> [THE DATA]:
────────

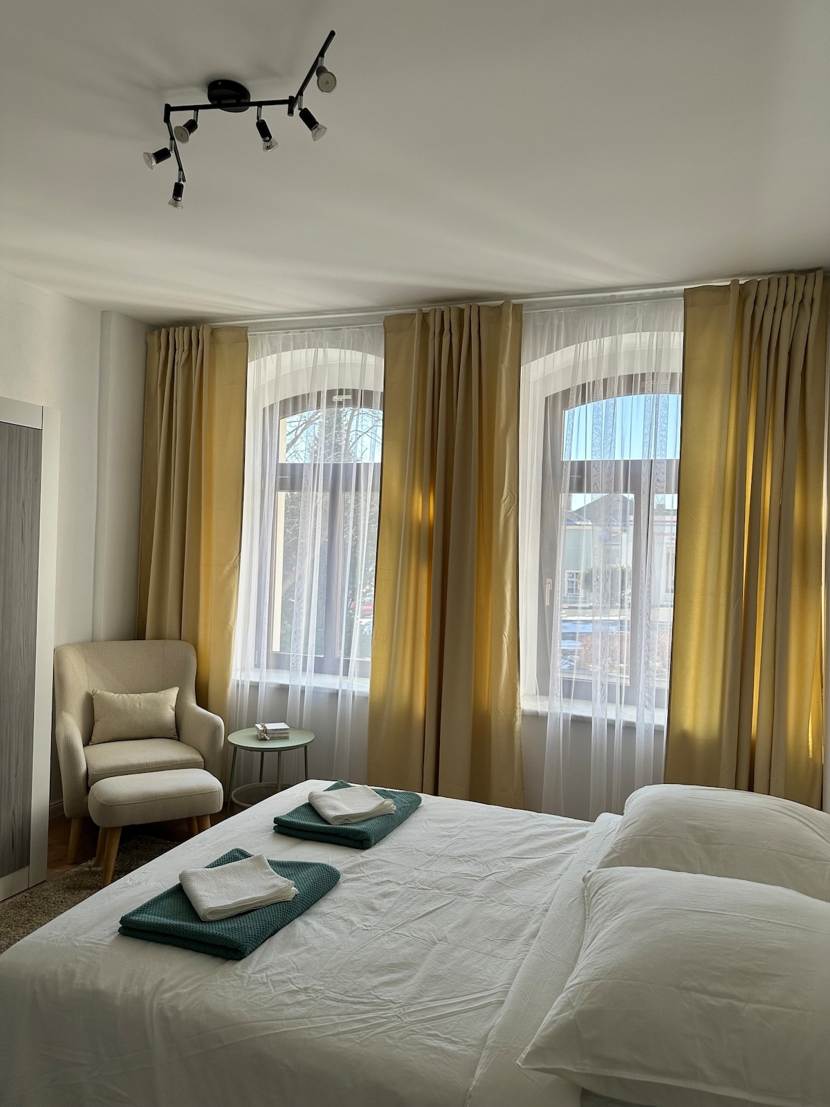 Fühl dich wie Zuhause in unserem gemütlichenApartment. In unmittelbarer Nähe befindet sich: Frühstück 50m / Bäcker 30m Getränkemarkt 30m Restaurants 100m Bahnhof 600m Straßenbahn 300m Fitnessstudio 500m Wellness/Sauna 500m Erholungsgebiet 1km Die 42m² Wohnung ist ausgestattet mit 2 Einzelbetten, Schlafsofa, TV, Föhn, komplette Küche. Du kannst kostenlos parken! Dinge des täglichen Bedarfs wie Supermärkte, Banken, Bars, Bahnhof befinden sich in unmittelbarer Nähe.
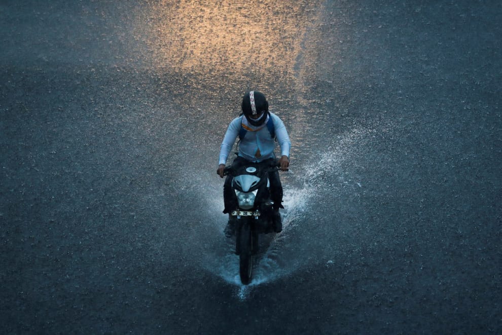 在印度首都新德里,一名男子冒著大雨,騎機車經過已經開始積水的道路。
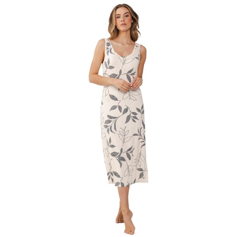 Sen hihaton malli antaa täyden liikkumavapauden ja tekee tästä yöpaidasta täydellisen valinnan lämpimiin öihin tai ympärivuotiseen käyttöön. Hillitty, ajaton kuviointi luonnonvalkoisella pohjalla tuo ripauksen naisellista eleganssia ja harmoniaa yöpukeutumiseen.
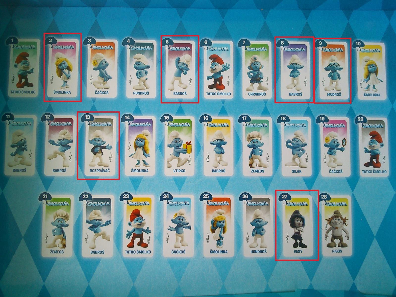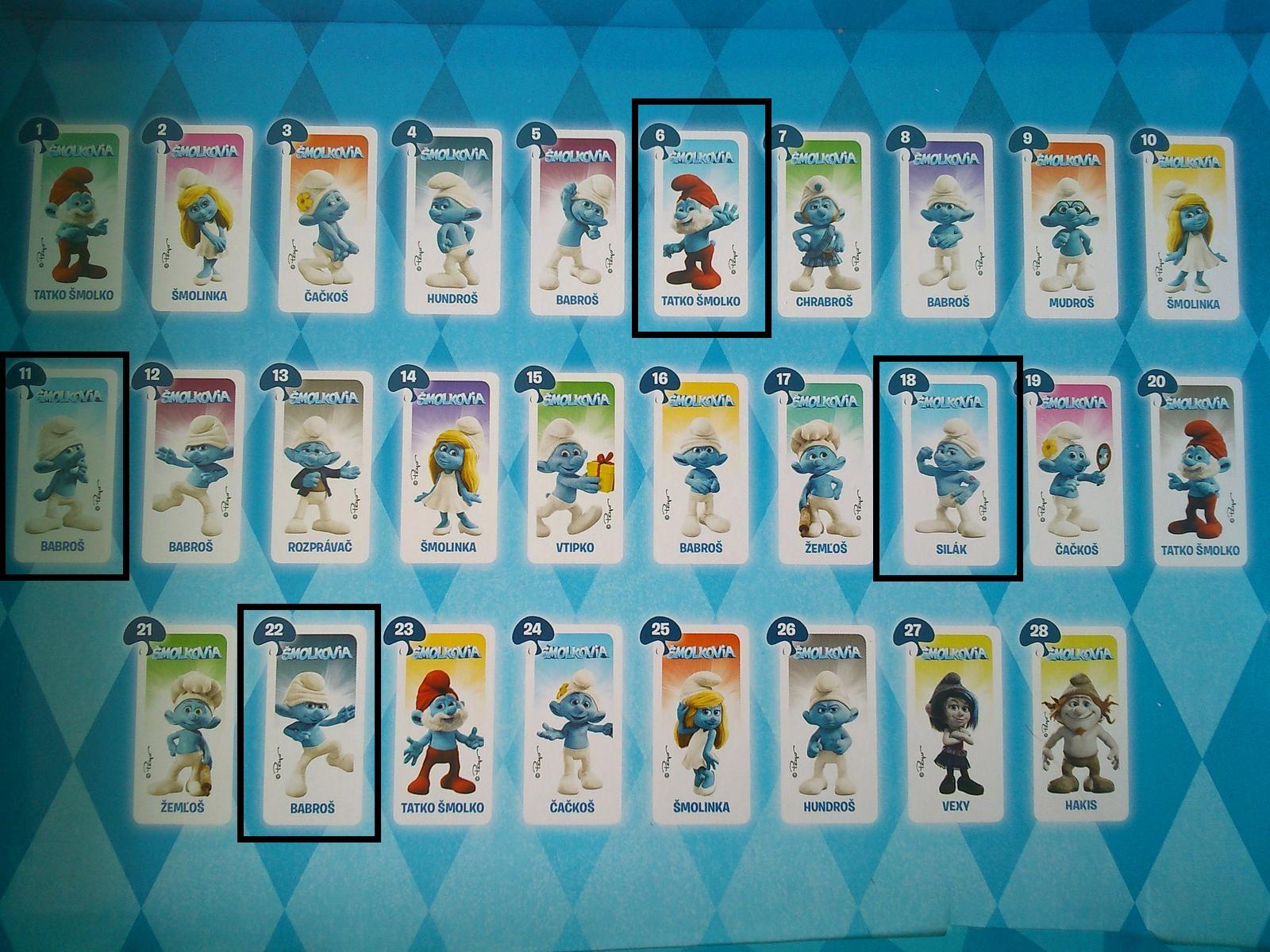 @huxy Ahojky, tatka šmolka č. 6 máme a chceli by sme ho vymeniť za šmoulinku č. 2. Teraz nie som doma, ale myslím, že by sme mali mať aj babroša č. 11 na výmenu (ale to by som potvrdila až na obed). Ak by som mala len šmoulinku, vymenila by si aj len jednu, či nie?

────────

No pictures should appear in the copy, which holds exactly the lines from the first line of the data through the line with "Sen hihaton malli" and nothing else.

 Fühl dich wie Zuhause in unserem gemütlichenApartment. In unmittelbarer Nähe befindet sich: Frühstück 50m / Bäcker 30m Getränkemarkt 30m Restaurants 100m Bahnhof 600m Straßenbahn 300m Fitnessstudio 500m Wellness/Sauna 500m Erholungsgebiet 1km Die 42m² Wohnung ist ausgestattet mit 2 Einzelbetten, Schlafsofa, TV, Föhn, komplette Küche. Du kannst kostenlos parken! Dinge des täglichen Bedarfs wie Supermärkte, Banken, Bars, Bahnhof befinden sich in unmittelbarer Nähe.
 在印度首都新德里,一名男子冒著大雨,騎機車經過已經開始積水的道路。
 Sen hihaton malli antaa täyden liikkumavapauden ja tekee tästä yöpaidasta täydellisen valinnan lämpimiin öihin tai ympärivuotiseen käyttöön. Hillitty, ajaton kuviointi luonnonvalkoisella pohjalla tuo ripauksen naisellista eleganssia ja harmoniaa yöpukeutumiseen.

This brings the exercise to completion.